NVIDIA's TensorRT AI Model Now Runs On All GeForce RTX 30 And 40 GPUs With 8GB+ Of RAM

by Alan Velasco — Wednesday, November 15, 2023, 01:18 PM EDT

NVIDIA will be releasing an update to TensorRT-LLM for AI inferencing, which will allow desktops and laptops running RTX GPUs with at least 8GB of VRAM to run the open-source software. This update will introduce support to more large language models. However, only users who are currently using Windows 11 will be able to take advantage of this update.

TensorRT-LLM will soon be able to work with OpenAI’s Chat API using a new wrapper. This will enable developers to work on projects and applications locally on their Windows 11 PC instead of the cloud. This is a big boon for individuals or companies who were hesitant to use OpenAI, because the sensitivity of the data their projects employed didn’t allow for a workflow that included the cloud.

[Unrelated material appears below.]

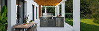 Alfresco home oden gray rectangular aluminum & polywood dining table with umbrella hole - 300-2009

According to NVIDIA, “The next TensorRT-LLM release, v0.6.0 coming later this month, will bring improved inference performance — up to 5x faster — and enable support for additional popular LLMs, including the new Mistral 7B and Nemotron-3 8B. Versions of these LLMs will run on any GeForce RTX 30 Series and 40 Series GPU with 8GB of RAM or more.” NVIDIA states that there are 100 million PCs worldwide that contain the RTX GPUs necessary to take advantage of the update.

These advancements are thanks to the close collaboration between NVIDIA and Microsoft. The two companies have been able to increase performance of Llama on RTX with the DirectML API. It’s because of this work that developers are now more easily able to deploy AI models using a cross-vendor API.

Developers and AI enthusiasts will be able to check out these latest optimizations by downloading the latest ONNX runtime, along with installing the latest driver from Nvidia, on November 21^st.